Directions for this task: For this task, copy all of the data below exactly and skip the pictures.

Material provided:
[Start of section]

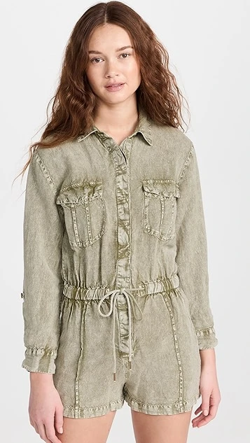 A cool one-and-done option for summer weather, this Young Fabulous & Broke romper stands out with heavily faded linen-blend fabric, and features a classic utilitarian design.
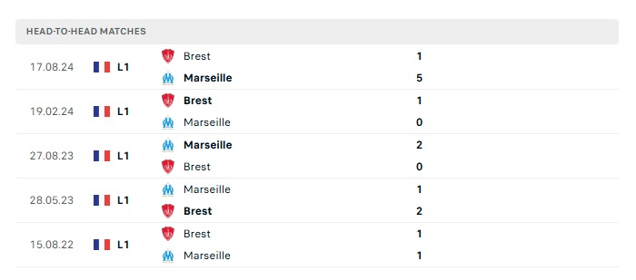 Lịch sử đối đầu Marseille vs Stade Brestois
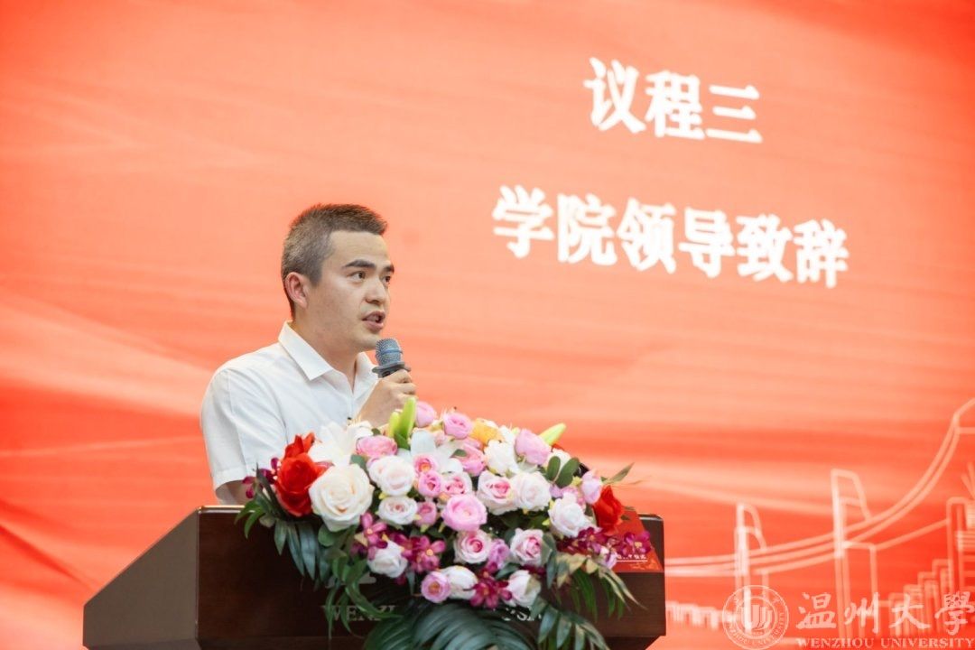 学院副院长舒亮致辞。他细数2025届毕业生成长中的一个个闪光点,勉励同学们走上社会要敢于追梦、敢于破圈、不断“充电”,在各行各业,在祖国大地上书写人生精彩。

[End of section]

Response to this task:
 A cool one-and-done option for summer weather, this Young Fabulous & Broke romper stands out with heavily faded linen-blend fabric, and features a classic utilitarian design.
 Lịch sử đối đầu Marseille vs Stade Brestois
 学院副院长舒亮致辞。他细数2025届毕业生成长中的一个个闪光点,勉励同学们走上社会要敢于追梦、敢于破圈、不断“充电”,在各行各业,在祖国大地上书写人生精彩。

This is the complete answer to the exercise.